Sólo un 28 por 100 de la población española sabía leer y escribir en 1877. La proporción aumentó hasta el 36,2 por 100 a principios de siglo. El analfabetismo era mayor entre las mujeres que entre los varones. Las diferencias regionales también eran destacadas, con menor número de analfabetos en el norte, con excepción de Galicia, que en el sur de la Península. En 1900, la población escolarizada -1.856.343- era aproximadamente el 50 por 100 de los niños y niñas en edad de ir a la escuela. La enseñanza primaria estaba mayoritariamente en manos del Estado, ya que sólo una sexta parte de los alumnos acudían a instituciones privadas. La Escuela pública dependía de los Ayuntamientos en cuanto a instalación y dotaciones. Uno de sus principales problemas era la mala situación de maestros y maestras, que cobraban poco y con escasa regularidad; en 1901, Romanones, desde el recién creado ministerio de Instrucción Pública, estableció que el Estado se hiciera cargo de su retribución (de dos tercios del salario, quedando el otro tercio a cargo de los padres de los alumnos, bajo el control de los municipios). El número de estudiantes de Instituto fue bastante estable durante todo el período, unos 30.000. El corte entre la enseñanza primaria y la secundaria era, por tanto, muy profundo: sólo el 1,6 por 100 de los niños que habían ido a la escuela acudían al Instituto. En este caso, el género masculino está correctamente empleado: hasta 1910-11 no empezó a funcionar en Barcelona un Instituto femenino, por lo que los alumnos de secundaria, al menos en la enseñanza pública, eran casi exclusivamente varones.

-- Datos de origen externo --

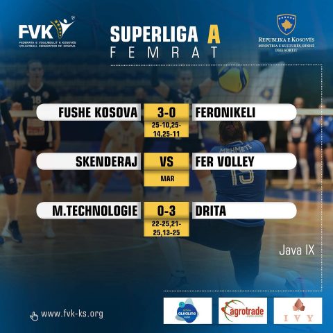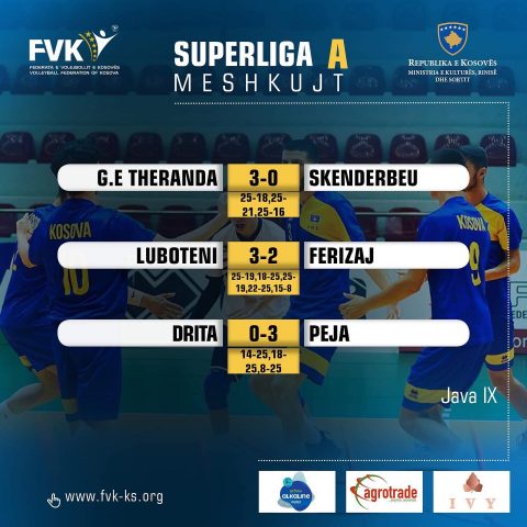 Të martën luhet përballja e fundit mes Skenderajt dhe Fer Volley. Në anën tjetër, te meshkujt, G.E Theranda ka mposhtur 3-0 Skenderbeun, Lubonteni 3-2 Ferizajn dhe Peja 0-3 Dritën.

(La única institución docente cuyas puertas estaban abiertas a las mujeres era la Escuela Normal). La tasa a pagar por la obtención del Título de Bachiller era 370 pesetas, una cantidad totalmente fuera del alcance de las clases trabajadoras. En este nivel, el número de alumnos en los centros públicos y en los privados -los llamados colegios incorporados, tanto de carácter laico como religioso, aunque con tendencia al aumento de estos últimos- estuvo equilibrado. Los Institutos públicos que dependían de las Diputaciones provinciales, pasaron a ser competencia del Estado por ley del ministro liberal Carlos Navarro y Rodrigo, en 1887. La continuidad entre la enseñanza secundaria y la universitaria era mucho mayor que entre aquélla y la primaria. Algo más de la mitad de los jóvenes que podían permitirse el lujo de ir al Instituto acudían también a la Universidad. El número de estudiantes universitarios permaneció estable, alrededor de 17.000. La Universidad de Madrid, la única en la que se podían cursar estudios de doctorado, tenía el mayor número de alumnos, unos 5.000; Barcelona, 2.500; y universidades como las de Salamanca u Oviedo, menos de 1.000 estudiantes. Las críticas a la calidad de la enseñanza en los diferentes niveles fue constante y, de acuerdo con los testimonios aportados por los protagonistas, completamente justificadas. Una medida positiva fue la reforma de las Escuelas Normales, impulsada por la Institución Libre de Enseñanza.

No obstante, "la reforma de nuestra educación nacional -decía un texto del Boletín de la Institución Libre de Enseñanza, en 1890- obra muy lenta..., avanza en nosotros medianamente, con más lentitud que en otros sitios". La pugna entre institucionistas y católicos por el control de la enseñanza pública fue muy intensa en estos años. La Institución Libre de Enseñanza surgió en 1876 a iniciativa de algunos de los profesores expulsados de la Universidad, con motivo de la segunda cuestión universitaria, provocada por la política del ministro de Fomento, marqués de Orovio. El principal promotor de la Institución fue Francisco Giner de los Ríos, padre espiritual de los discípulos de Sanz del Río -los krausistas- desde fines de 1870, como señala Vicente Cacho Viú. La Institución inició sus actividades impartiendo clases universitarias y de segunda enseñanza. A partir del curso 1878-79 suprimió la enseñanza universitaria -dado el escaso número de alumnos que tenía- y añadió la enseñanza primaria. La Institución fue un foco de renovación pedagógica, y algo todavía más importante: el motor de un proyecto de renovación global de la vida española -que tuvo múltiples manifestaciones- basado en la reforma interior del hombre. Si tomamos a los institucionistas como modelo del ideal que perseguían, se trataba, en palabras de Francisco Laporta, de hombres cultos, de ciencia rigurosa, con íntimo sentido religioso, integridad moral, austeridad, solidaridad humana, sensibilidad artística, salud física, solidez de carácter, amor y comunión con la naturaleza, elegancia y corrección en las maneras y, por supuesto, comprometidos moralmente en la reforma.